What is required
Your answer should hold every line of the records below that contains the string "bathroom".

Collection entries
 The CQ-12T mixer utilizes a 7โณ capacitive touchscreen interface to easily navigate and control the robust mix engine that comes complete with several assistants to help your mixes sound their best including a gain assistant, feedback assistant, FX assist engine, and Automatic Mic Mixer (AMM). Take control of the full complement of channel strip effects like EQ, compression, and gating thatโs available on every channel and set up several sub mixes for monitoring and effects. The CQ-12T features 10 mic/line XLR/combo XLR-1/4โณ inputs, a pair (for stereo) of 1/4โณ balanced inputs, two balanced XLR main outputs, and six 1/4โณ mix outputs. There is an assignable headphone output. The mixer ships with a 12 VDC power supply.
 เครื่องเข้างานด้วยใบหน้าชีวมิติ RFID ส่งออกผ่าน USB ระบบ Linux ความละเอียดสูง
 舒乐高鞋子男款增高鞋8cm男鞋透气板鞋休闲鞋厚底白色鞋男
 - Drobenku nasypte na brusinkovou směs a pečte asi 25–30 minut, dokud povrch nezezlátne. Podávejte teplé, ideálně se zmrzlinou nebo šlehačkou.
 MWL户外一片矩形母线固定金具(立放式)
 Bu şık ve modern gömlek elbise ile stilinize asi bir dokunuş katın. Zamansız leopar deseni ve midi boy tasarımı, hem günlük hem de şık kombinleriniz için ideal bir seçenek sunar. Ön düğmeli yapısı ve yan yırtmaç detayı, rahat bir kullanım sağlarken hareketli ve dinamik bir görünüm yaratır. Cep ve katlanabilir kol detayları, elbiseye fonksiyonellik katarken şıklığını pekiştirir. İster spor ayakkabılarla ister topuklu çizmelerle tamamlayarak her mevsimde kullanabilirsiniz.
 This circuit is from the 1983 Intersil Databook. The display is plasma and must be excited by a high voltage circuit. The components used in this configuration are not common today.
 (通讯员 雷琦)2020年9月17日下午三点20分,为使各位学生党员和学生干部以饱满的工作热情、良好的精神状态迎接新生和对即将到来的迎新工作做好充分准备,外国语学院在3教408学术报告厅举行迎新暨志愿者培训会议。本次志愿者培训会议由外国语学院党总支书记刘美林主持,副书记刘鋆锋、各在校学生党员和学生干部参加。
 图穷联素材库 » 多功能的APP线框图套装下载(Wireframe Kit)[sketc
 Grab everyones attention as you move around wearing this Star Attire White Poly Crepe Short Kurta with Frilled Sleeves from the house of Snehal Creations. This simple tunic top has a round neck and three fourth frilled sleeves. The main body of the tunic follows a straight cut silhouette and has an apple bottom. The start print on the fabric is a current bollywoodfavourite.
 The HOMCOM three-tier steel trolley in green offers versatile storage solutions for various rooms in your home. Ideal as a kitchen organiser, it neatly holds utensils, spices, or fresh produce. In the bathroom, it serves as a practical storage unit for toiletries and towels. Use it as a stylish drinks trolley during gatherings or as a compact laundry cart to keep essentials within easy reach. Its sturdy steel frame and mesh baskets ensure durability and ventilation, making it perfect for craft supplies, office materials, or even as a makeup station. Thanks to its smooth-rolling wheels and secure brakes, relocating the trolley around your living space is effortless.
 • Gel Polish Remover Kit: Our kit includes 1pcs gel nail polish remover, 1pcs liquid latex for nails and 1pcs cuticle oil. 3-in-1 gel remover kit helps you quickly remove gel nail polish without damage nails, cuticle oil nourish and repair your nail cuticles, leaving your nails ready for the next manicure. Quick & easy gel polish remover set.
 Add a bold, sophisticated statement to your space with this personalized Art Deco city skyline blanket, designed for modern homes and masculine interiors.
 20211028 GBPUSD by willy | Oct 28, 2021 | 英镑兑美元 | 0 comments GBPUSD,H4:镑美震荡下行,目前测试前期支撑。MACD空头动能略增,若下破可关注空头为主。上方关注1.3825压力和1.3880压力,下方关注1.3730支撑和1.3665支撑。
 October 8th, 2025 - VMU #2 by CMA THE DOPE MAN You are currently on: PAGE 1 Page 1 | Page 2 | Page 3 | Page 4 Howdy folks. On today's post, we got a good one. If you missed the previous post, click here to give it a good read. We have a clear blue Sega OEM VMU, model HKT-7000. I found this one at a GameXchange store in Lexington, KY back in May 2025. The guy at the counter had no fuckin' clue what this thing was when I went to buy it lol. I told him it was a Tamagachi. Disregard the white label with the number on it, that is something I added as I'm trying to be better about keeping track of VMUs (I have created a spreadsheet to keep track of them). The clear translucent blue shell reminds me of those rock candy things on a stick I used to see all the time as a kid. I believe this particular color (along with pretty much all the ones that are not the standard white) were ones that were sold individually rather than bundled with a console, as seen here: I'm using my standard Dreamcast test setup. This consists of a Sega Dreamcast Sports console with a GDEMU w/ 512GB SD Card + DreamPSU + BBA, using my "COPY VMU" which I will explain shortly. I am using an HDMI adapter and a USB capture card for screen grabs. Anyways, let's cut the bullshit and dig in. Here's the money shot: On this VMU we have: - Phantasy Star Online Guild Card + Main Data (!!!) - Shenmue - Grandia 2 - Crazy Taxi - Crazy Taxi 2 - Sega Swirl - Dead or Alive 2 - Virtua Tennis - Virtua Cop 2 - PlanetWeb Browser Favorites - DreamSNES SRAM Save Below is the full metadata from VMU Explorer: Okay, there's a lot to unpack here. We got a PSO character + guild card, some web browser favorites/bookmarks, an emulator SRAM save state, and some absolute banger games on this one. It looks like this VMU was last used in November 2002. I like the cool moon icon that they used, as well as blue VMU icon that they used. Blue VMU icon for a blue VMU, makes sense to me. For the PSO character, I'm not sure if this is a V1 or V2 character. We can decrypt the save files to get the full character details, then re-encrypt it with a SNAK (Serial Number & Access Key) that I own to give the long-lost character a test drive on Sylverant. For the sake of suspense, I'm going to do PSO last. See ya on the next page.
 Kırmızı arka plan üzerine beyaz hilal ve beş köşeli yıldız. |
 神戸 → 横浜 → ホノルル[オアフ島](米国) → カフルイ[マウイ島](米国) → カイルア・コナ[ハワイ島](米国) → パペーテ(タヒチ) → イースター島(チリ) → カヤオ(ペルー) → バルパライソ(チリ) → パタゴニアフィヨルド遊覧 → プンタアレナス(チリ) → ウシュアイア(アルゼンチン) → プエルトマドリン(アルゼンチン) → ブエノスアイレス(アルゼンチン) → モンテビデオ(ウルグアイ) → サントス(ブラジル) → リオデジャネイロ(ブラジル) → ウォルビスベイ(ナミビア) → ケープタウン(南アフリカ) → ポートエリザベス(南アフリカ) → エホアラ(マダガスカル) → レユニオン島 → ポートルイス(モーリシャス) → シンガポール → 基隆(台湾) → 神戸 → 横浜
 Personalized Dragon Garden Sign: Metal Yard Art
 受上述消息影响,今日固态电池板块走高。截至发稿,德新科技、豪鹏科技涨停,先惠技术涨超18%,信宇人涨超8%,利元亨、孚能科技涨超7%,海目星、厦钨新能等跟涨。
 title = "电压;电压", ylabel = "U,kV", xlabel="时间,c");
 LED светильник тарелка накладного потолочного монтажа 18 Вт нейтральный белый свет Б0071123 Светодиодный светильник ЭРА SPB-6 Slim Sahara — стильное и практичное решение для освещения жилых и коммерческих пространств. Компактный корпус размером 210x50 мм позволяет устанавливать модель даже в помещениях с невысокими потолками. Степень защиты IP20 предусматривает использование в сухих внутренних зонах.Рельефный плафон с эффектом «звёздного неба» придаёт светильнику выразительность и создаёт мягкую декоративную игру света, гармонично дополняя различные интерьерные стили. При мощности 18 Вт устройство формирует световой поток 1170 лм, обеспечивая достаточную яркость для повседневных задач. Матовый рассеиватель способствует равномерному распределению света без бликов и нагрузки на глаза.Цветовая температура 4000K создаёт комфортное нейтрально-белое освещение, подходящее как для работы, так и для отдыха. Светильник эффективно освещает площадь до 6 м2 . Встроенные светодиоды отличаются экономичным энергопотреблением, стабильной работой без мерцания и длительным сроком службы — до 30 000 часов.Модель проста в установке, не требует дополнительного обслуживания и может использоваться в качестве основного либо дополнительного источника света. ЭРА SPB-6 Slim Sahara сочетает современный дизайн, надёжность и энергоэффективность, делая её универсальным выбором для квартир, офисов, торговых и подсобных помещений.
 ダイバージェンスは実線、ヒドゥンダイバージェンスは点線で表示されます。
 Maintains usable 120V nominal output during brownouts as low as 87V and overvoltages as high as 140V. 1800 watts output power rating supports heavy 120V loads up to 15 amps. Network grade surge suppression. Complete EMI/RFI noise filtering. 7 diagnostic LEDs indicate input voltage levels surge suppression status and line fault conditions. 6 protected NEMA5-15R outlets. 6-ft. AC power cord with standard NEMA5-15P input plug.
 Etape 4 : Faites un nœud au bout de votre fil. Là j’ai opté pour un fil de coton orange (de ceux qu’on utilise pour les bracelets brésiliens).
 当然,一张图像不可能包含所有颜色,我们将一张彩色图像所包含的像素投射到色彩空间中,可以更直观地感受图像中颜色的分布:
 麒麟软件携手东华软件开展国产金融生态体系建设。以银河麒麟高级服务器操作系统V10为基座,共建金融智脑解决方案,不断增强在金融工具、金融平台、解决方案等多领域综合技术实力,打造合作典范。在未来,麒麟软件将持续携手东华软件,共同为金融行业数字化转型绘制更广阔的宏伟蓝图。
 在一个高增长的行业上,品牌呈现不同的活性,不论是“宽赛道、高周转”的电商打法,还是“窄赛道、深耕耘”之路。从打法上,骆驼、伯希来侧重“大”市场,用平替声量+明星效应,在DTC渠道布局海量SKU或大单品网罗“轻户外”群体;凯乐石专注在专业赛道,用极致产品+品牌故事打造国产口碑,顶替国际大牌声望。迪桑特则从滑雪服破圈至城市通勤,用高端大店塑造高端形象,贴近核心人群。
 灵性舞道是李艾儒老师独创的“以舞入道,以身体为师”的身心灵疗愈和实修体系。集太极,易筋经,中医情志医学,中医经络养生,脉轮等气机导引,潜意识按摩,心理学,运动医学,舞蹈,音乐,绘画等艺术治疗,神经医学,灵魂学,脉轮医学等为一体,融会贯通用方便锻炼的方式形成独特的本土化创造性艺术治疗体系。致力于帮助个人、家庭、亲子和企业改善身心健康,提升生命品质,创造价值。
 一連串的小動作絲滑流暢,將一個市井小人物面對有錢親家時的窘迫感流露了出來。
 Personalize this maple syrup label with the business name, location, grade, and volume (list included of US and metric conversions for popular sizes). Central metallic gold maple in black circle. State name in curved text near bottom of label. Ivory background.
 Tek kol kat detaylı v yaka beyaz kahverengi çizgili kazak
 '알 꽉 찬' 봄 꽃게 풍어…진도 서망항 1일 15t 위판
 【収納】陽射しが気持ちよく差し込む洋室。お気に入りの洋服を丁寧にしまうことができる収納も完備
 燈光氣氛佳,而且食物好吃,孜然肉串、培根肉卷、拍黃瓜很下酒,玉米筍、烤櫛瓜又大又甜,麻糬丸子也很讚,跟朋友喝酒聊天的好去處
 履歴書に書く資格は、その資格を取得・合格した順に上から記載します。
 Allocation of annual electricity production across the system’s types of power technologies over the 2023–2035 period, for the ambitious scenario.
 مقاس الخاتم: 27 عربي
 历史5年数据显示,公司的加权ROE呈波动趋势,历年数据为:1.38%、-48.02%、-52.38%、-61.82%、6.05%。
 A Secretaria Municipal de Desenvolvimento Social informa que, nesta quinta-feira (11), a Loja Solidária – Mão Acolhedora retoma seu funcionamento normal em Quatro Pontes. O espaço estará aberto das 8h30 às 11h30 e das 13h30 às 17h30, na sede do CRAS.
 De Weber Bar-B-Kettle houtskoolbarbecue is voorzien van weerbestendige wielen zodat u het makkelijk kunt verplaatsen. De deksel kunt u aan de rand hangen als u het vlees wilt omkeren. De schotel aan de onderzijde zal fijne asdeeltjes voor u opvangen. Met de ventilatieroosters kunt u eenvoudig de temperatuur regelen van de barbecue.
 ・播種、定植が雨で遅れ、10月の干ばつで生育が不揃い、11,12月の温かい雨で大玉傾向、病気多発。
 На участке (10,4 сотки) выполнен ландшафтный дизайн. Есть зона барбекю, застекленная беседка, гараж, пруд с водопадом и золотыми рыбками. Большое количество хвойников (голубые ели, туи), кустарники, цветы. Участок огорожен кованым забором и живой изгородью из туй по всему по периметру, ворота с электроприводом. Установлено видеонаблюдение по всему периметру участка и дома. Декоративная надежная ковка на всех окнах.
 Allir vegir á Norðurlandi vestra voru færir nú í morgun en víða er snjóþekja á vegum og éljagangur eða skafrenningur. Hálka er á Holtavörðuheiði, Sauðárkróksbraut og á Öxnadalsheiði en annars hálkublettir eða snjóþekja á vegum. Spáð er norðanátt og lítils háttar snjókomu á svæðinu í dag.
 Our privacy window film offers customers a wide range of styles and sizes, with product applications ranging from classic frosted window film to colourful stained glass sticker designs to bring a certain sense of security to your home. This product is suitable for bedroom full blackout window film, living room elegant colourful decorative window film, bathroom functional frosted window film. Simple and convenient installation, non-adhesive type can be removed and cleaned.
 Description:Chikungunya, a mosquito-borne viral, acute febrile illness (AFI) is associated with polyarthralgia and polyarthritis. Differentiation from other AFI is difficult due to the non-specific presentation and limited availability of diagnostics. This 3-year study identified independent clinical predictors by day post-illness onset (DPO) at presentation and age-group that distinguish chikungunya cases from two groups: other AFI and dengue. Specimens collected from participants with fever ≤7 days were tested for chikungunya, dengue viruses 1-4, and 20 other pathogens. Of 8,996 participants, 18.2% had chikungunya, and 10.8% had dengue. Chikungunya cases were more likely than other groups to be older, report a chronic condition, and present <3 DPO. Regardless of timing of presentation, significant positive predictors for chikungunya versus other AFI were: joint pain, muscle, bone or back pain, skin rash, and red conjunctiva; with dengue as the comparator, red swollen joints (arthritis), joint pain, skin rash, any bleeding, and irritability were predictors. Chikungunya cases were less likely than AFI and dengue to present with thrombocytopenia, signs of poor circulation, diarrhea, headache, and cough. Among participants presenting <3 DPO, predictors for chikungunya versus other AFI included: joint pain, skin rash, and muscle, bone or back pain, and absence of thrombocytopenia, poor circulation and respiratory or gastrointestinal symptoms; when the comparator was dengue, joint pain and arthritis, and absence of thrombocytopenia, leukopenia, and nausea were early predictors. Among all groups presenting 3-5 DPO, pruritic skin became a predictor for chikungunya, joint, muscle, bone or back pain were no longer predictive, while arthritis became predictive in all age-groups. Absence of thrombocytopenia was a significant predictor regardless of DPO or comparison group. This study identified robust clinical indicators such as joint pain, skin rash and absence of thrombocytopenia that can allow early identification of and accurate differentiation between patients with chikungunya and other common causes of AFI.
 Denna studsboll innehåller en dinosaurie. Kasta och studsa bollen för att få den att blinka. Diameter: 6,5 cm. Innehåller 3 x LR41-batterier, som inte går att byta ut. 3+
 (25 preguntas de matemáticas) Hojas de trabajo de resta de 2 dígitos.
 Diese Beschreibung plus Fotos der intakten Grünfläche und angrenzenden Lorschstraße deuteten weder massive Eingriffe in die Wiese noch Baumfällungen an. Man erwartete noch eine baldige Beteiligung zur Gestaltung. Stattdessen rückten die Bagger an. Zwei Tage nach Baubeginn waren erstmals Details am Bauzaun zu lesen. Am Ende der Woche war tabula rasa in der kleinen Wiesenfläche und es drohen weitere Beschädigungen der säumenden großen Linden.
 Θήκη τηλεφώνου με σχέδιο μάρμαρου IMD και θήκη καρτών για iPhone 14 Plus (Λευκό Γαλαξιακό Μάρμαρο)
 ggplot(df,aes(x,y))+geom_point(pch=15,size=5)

Answer to this problem
 The HOMCOM three-tier steel trolley in green offers versatile storage solutions for various rooms in your home. Ideal as a kitchen organiser, it neatly holds utensils, spices, or fresh produce. In the bathroom, it serves as a practical storage unit for toiletries and towels. Use it as a stylish drinks trolley during gatherings or as a compact laundry cart to keep essentials within easy reach. Its sturdy steel frame and mesh baskets ensure durability and ventilation, making it perfect for craft supplies, office materials, or even as a makeup station. Thanks to its smooth-rolling wheels and secure brakes, relocating the trolley around your living space is effortless.
 Our privacy window film offers customers a wide range of styles and sizes, with product applications ranging from classic frosted window film to colourful stained glass sticker designs to bring a certain sense of security to your home. This product is suitable for bedroom full blackout window film, living room elegant colourful decorative window film, bathroom functional frosted window film. Simple and convenient installation, non-adhesive type can be removed and cleaned.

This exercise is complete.